I know exactly what I'll do when I get back. Ask Caspar out. I mean it's coming to be night time. I know we'll see each other again after this but right now, feels so right. I saw a bench and I sat down, thinking about creative ways I could ask Caspar out. I don't think he'd like something traditional. It doesn't seem like Caspar. He's never done anything the classic way. He always finds his own way. I'm just not creative.

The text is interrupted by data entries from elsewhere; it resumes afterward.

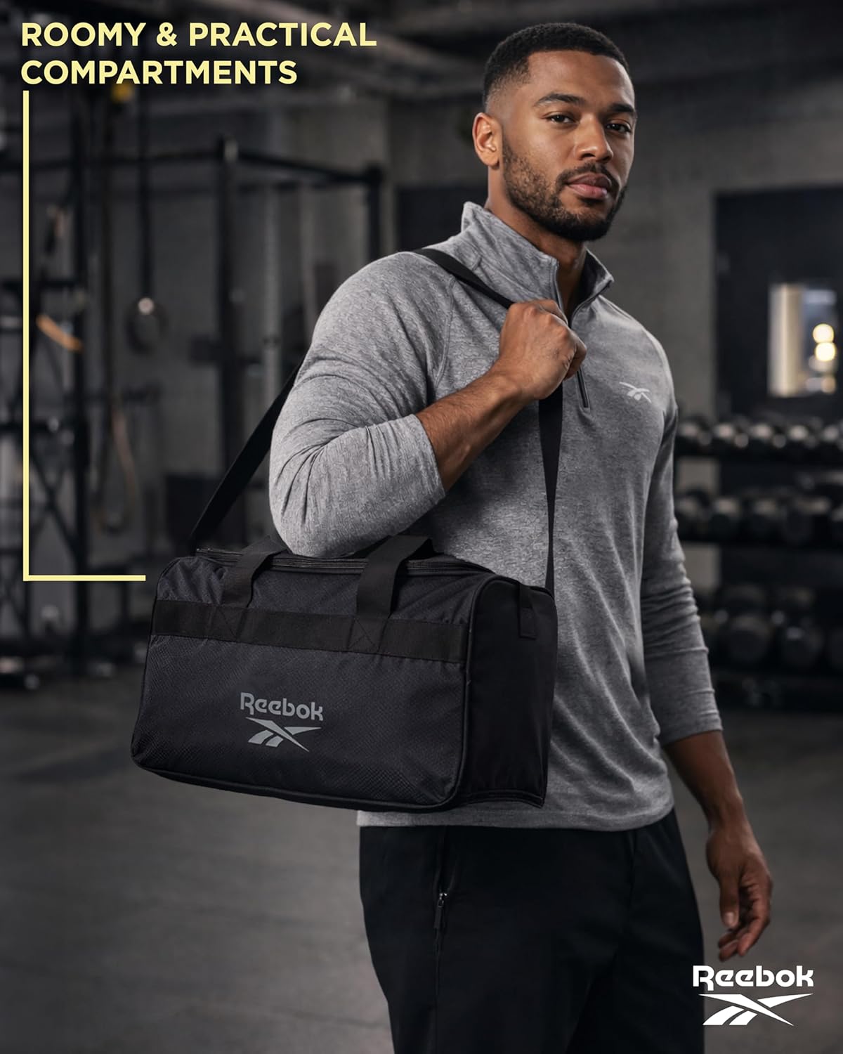 Reebok Duffle Bag – Carry On Gym Bag for Workout and Compact Travel Bag – Small Size Overnight Bags for Women and Men, Size Small, Warrior II Black with Grey Logo
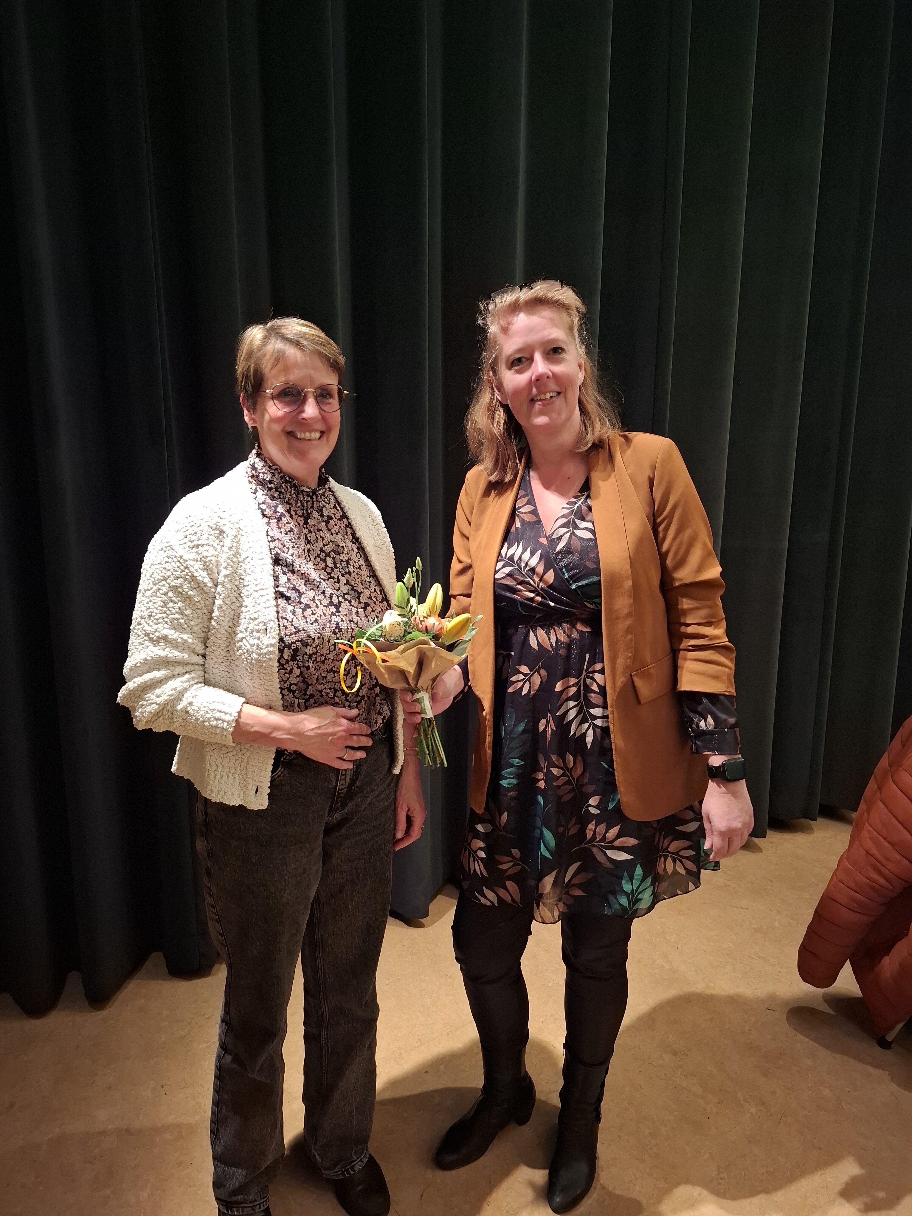 Herma Stegeman is al 25 jaar met hart en ziel verbonden aan Nenoni en werd dan ook tijdens de jaarvergadering verrast door voorzitter Johanna ten Brinke met een zeer verdiend bloemetje (eigen foto).
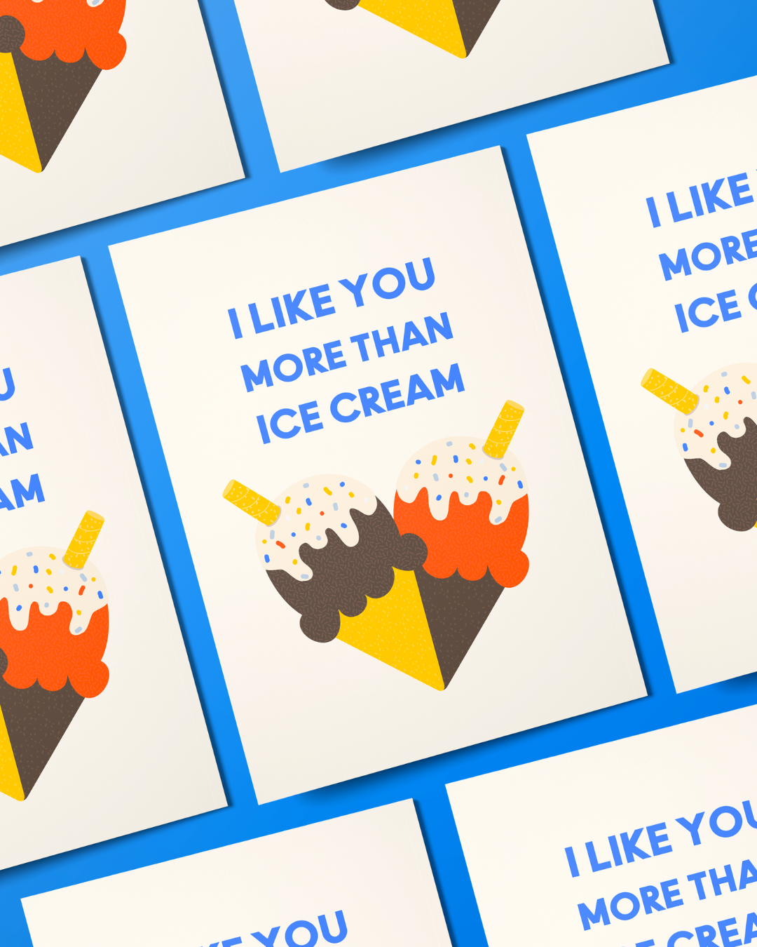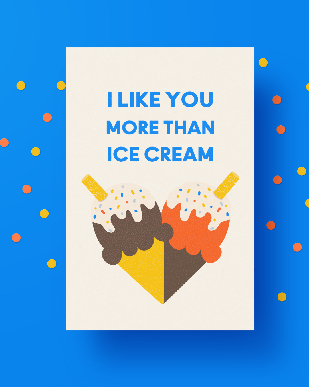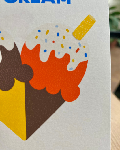 An absolute LOVE STATEMENT in capital letters. Because we love ice cream. So if you give or receive this postcard you have a lot to celebrate. Now you can have ice cream forever, ice cream that doesn't melt.

On the walk back the nerves became to talk over and I began to freak out. I can't back out of this. I love Caspar. He's the one I want to be my first boyfriend. Well, I guess my first everything. Nothing exciting never happens to me and I know he can make me life a whole lot more interesting. I began walking again and the house came into view. I saw everyone outside, looking around. They probably think Marcus scared me off. That wouldn't be a huge surprise.

As I began walking down the driveway everyone's eyes locked on mine. I just tried to conceal the nerves. I didn't see Caspar so I knew he was up in my room. Well, I guess it's his room now. I ignored everyone as I pulled open the door and closed it behind me. As I made my way up the stairs I seemed to forget how to breath.

"If I can't be brave like Zoe that's fine." I mumbled, knowing I was still going to do it anyway.